Cassian Maria Spiridon

Cassian Maria Spiridon est né en 1950 à Iași. Après des études à la Faculté de mécanique de l’Institut polytechnique de Bucarest, il est chef d’atelier à l’usine d’outillage lourd de Iași, puis chercheur à l’Institut de recherches et de projets électroniques de la même ville. De 1985 à 1989, il publie une cinquantaine d’articles scientifiques et dépose une quinzaine de brevets.

            1989 constitue, pour Spiridon, comme pour ses compatriotes, un tournant capital. L’un des organisateurs du soulèvement anti-Ceaușescu du 14 décembre à Iași, il est arrêté par la Securitate, puis libéré de prison le 22 décembre.
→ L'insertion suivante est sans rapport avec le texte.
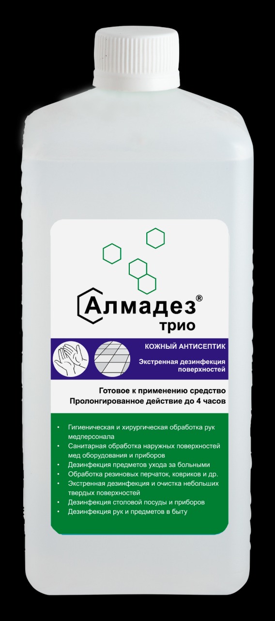 «Алмадез-Трио» — это профессиональный кожный антисептик на основе смеси спиртов (71%), готовый к немедленному применению. Эффективен для гигиенической и хирургической обработки рук, а также для быстрой дезинфекции небольших поверхностей и медицинского оборудования.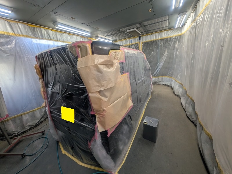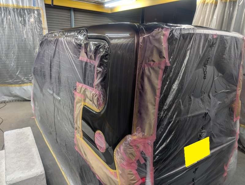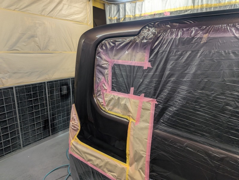 画像にはございませんが、削り落とした塗膜の上にプライマーサフェーサーという下地塗装を行い、それからベースコート(ブラウン系色)クリヤーコート(透明の塗装)を行いました。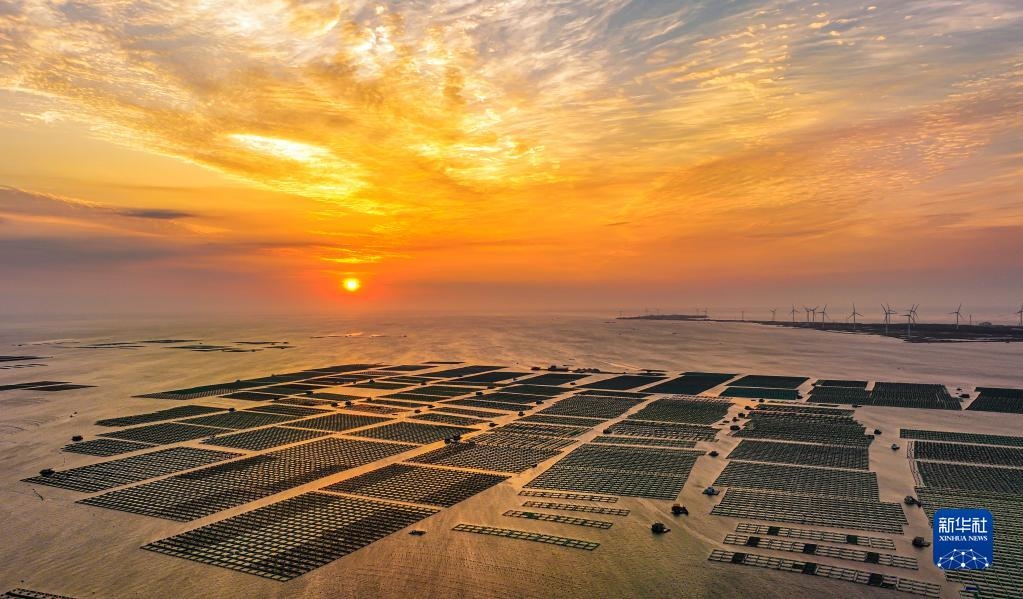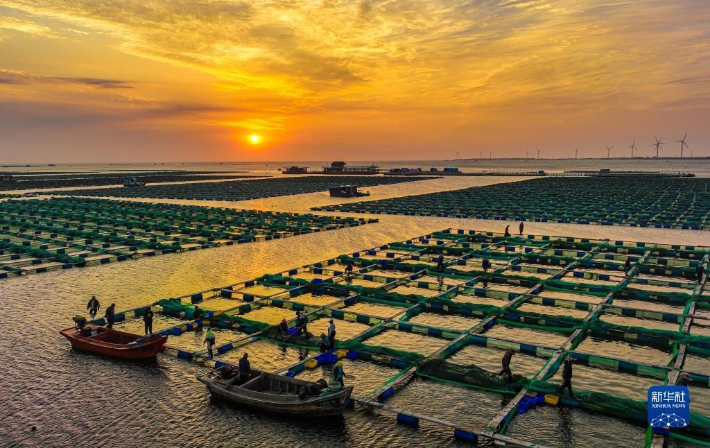 6月5日拍攝的朝霞映襯下的榮成市石島管理區(qū)桑溝灣海洋牧場生態(tài)網(wǎng)箱養(yǎng)殖區(qū)(無人機照片)。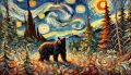 Van Gogh-inspired Black Bear in Vibrant Ontario Forest Landscape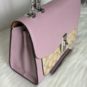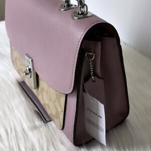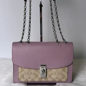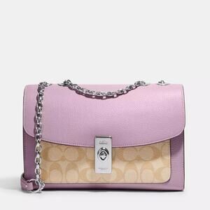 NWT Coach Lane Shoulder Bag In Signature Canvas/PebbleLeather/ Khaki-Purple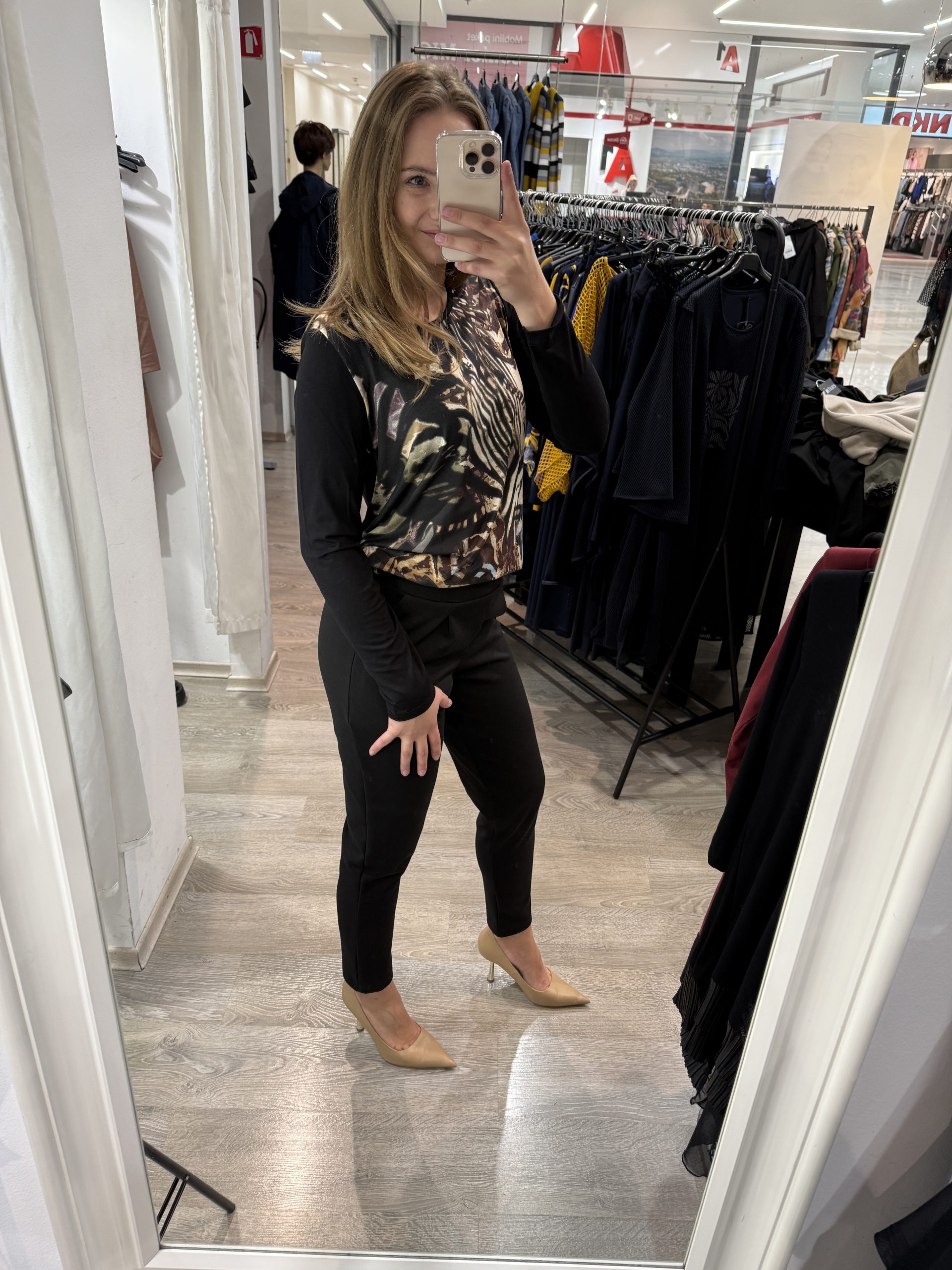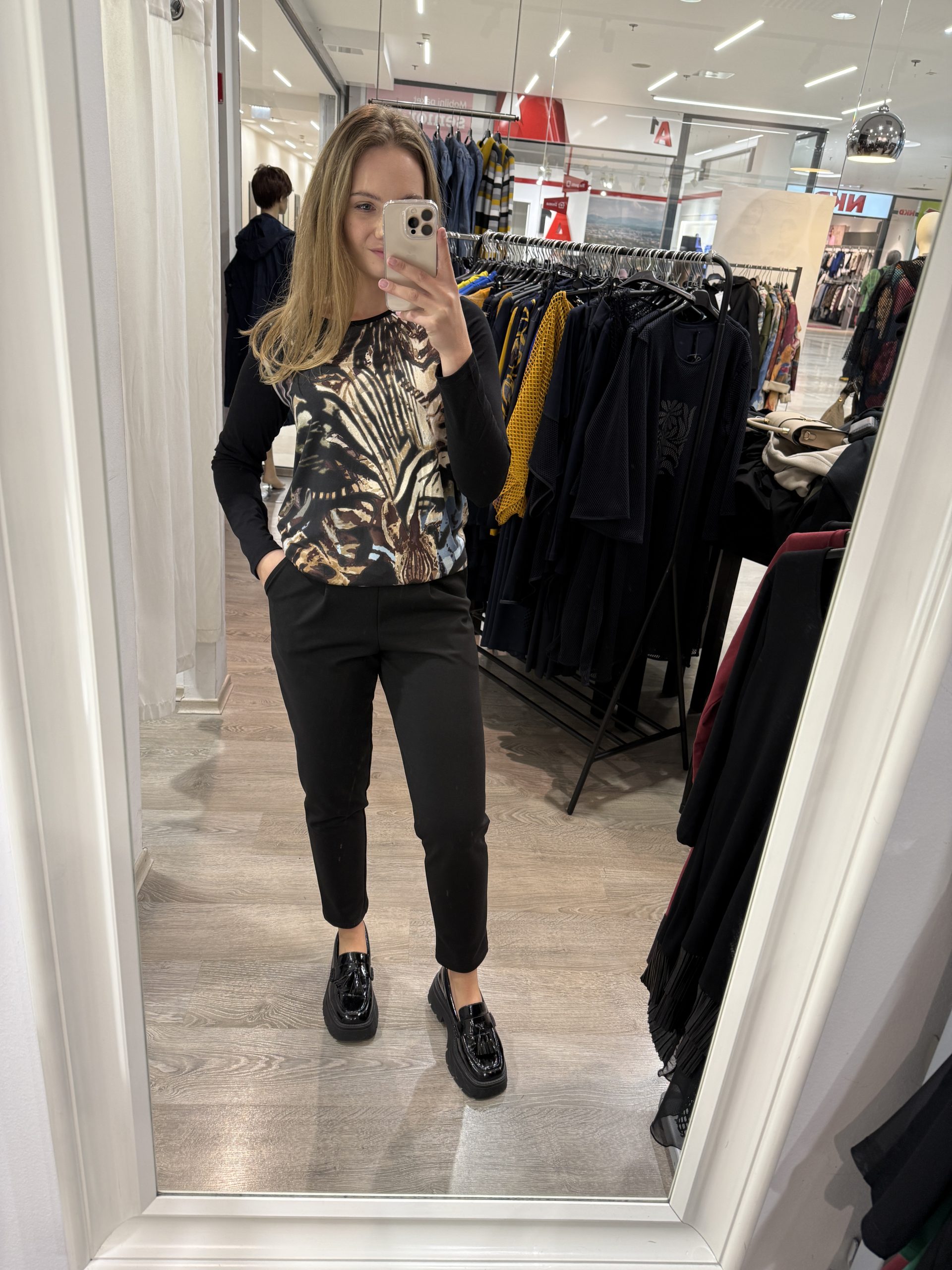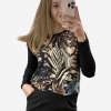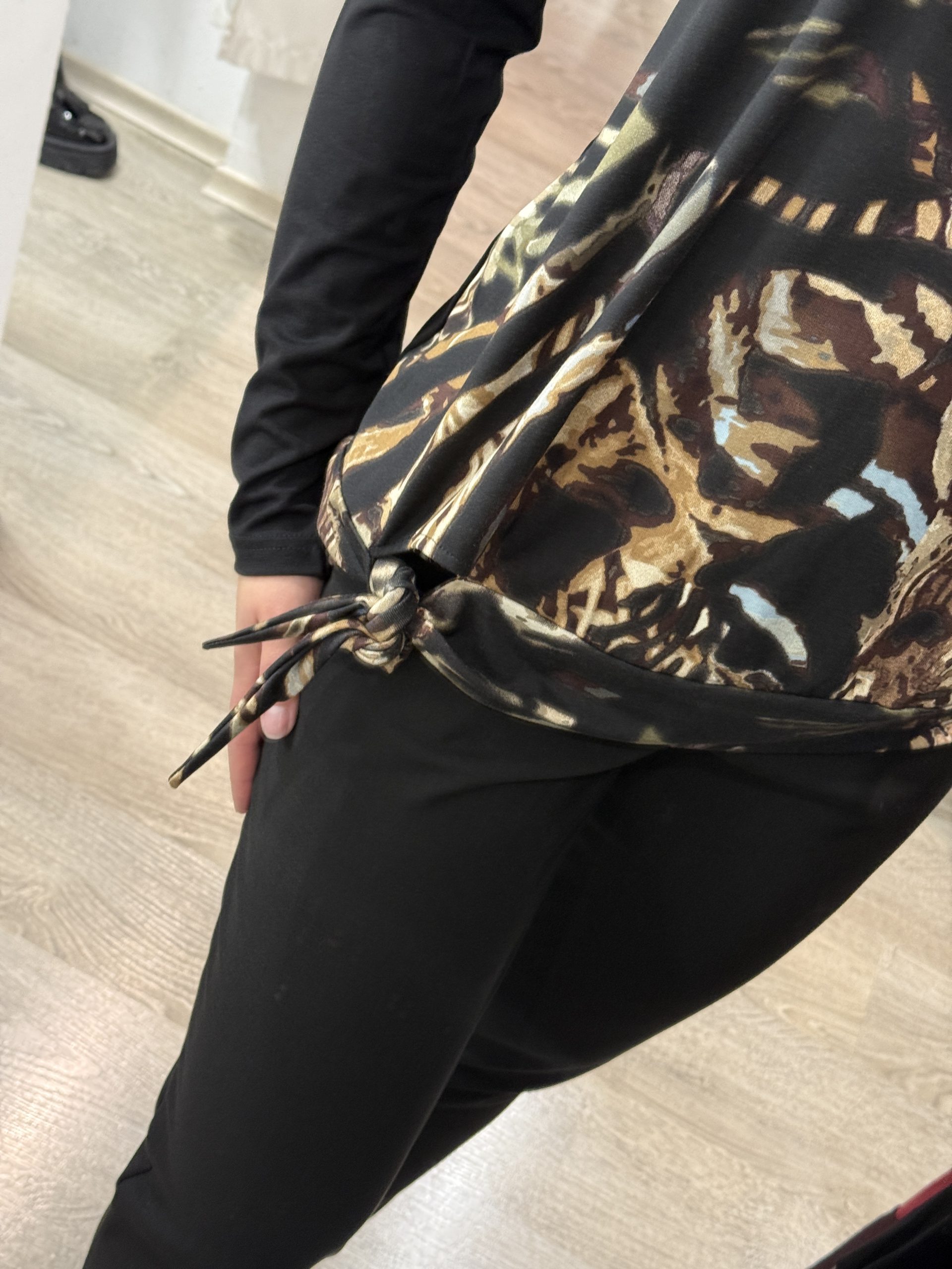 Majica je v osnovi v črni barvi, spredaj pa ima potisk jesenskih barv. Spodaj ima rahel patent, ki pa se na levi strani prilagaja z vezanjem, ki je tudi kot detajl.

À compter de cette date, le poète qui pointait depuis dix ans sous l’habit de l’ingénieur – son premier recueil de poèmes, Pornind de la zero (En partant de zéro), avait été publié en 1979 – se consacre tout entier à la littérature : fondateur et directeur de la revue Timpul en 1990, rédacteur à la revue Cronica en 1991, rédacteur au quotidien Evenimentul zilei en 1992, fondateur et rédacteur en chef de la revue de culture poétique Poezia en 1994, enfin, depuis 1995, directeur de la maison d’édition Timpul, confondateur et rédacteur en chef de la publication littéraire Caietele de la Durau, rédacteur en chef de la revue Convorbire literare.

            Il a publié à ce jour plus d’une douzaine de recueils de poésie et nombre d’essais littéraires. Bien que croulant sous les prix et distinctions divers – il est Commandeur du Mérite Culturel depuis 2010 –, il demeure d’une remarquable discrétion. Et en dépit de sa qualité, la poésie de Spiridon n’a jamais été publiée en France, à l’exception de douze poèmes parus dans le n° 5 de la revue Autre SUD en juin 1999.